Nous sommes face à une affaire grave, qui n'est rien moins que le dépeçage d'un de nos fleurons industriels. Refusant de dévoiler le dessous des cartes du rachat du pôle énergie Alstom par General Electric, vous niez que les menaces de poursuites judiciaires pour corruption aient pu jouer un quelconque rôle dans cette vente. Pourtant, plusieurs éléments sérieusement étayés permettent d'affirmer que cette transaction participe de la mise en oeuvre de la stratégie américaine de domination économique, d'une extrême gravité pour la souveraineté et l'indépendance de notre pays, car elle porte bien au-delà d'Alstom.

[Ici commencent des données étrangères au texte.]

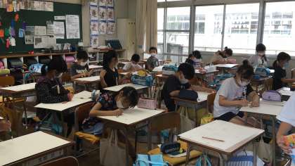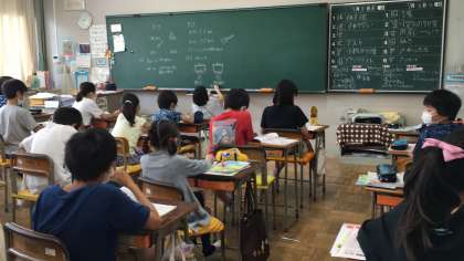 3時間目の5年生です。自分と友達の意見や作品の違いから、学ぶことはたくさんあります。
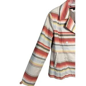 Gorgeous Tommy Hilfiger Fitted Double Breasted Notch Lapel Blazer in an Ivory Multicolor (Cream, Orange, Olive, Butter Yellow, Baby Blue, Pink, Citrine, Dove Gray and Blue) Jacket.
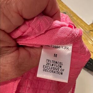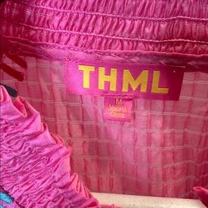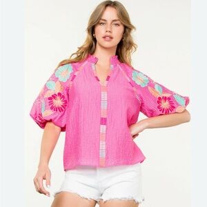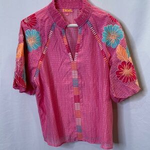 THML top in silky bright pink. Embroidery on sleeves and down front. Sz M. NWOT
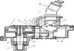 1, 3, 5 – шестерні, 2 – поворотний вал, 4, 6 – вали-шестерні, 7 – муфта, 8 – гідромотор, 9 – вал гідромотора, 10 – масломірна лінійка, 11 – корпус, 12 – маслянка, 13 – шайба

Vous dites par ailleurs que l'assemblée générale des actionnaires a approuvé le projet : certes, les actionnaires n'ont pas forcément la même conception que nous de l'intérêt général et il se sont, de surcroît, réparti 4 milliards de dividendes, cependant que vous empochiez vous-même quatre millions d'euros – ceci dit sans mise en cause personnelle. Quant aux sondages selon lesquels 95 % des salariés soutiendraient le rachat, j'en doute au vu des opinions exprimées par les différentes organisations syndicales, qui s'interrogent sur les perspectives de développement, d'investissement, d'emploi et de recherche.
Pouvez-vous par ailleurs nous apporter des éclaircissements sur le contenu de l'accord passé entre l'État, Alstom et l'actionnaire Bouygues ?
En ce qui concerne l'activité ferroviaire, le carnet de commandes d'Alstom est certes plein, du fait des projets initiés par les régions, dont plusieurs se sont regroupées entre elles, mais on sait que ces projets se heurtent aux résistances de la SNCF, pour des questions d'orientation de notre politique du rail, ce qui risque de peser sur la réalisation de ce carnet de commandes.
Enfin, en tant que président du groupe d'amitié France-Cuba, je m'inquiète des conséquences du rachat de la branche énergie d'Alstom par General Electric. En effet, Alstom assure la maintenance des centrales thermiques de Cuba et leur fournit pièces de rechange et ingénierie. Cela concerne la quasi-totalité de l'électricité de La Havane et près d'un tiers de la production énergétique de l'île. Or, le blocus américain n'étant pas encore levé, l'intégration d'Alstom à GE entraînera mécaniquement la suspension de ce partenariat, avec deux conséquences dommageables pour notre pays : d'une part, une conséquence financière, puisqu'en cas de défaillance d'Alstom, la garantie de la COFACE sera mise en jeu ; d'autre part, une conséquence commerciale, les échanges commerciaux étant interrompus dans un moment où il importe au contraire d'intensifier les relations économiques entre la France et Cuba avant que les entreprises américaines envahissent cette île dont certains d'entre nous saluent la révolution.